Information shown:
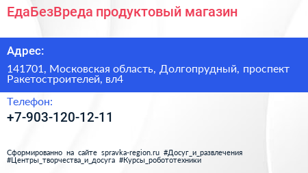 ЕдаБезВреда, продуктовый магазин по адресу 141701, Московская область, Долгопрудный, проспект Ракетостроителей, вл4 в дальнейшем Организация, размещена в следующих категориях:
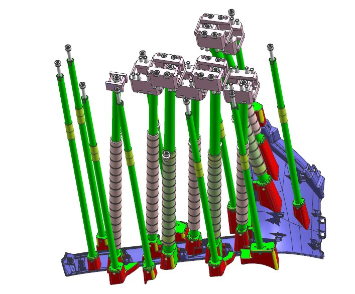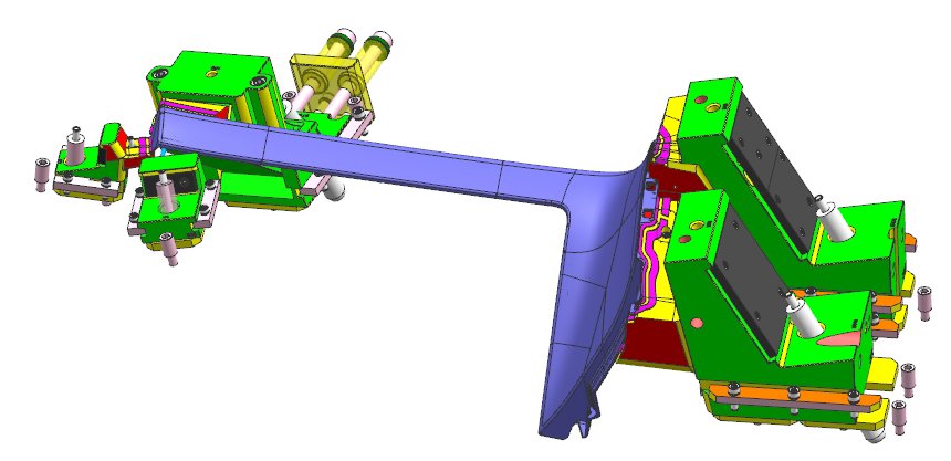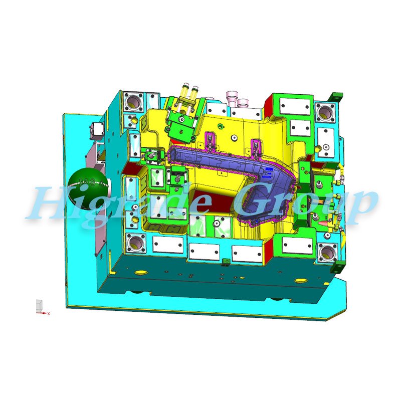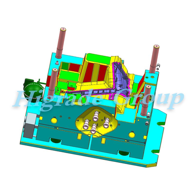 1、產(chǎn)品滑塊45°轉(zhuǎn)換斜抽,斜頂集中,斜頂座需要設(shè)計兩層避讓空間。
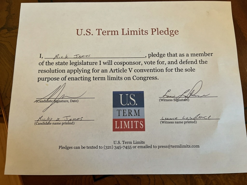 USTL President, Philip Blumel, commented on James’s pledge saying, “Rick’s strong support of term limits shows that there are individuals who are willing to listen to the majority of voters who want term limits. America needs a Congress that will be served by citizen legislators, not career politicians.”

Problem:
Make an exact copy of the listing, with no images in it.

Result of this task:
 ЕдаБезВреда, продуктовый магазин по адресу 141701, Московская область, Долгопрудный, проспект Ракетостроителей, вл4 в дальнейшем Организация, размещена в следующих категориях:
 1、產(chǎn)品滑塊45°轉(zhuǎn)換斜抽,斜頂集中,斜頂座需要設(shè)計兩層避讓空間。
 USTL President, Philip Blumel, commented on James’s pledge saying, “Rick’s strong support of term limits shows that there are individuals who are willing to listen to the majority of voters who want term limits. America needs a Congress that will be served by citizen legislators, not career politicians.”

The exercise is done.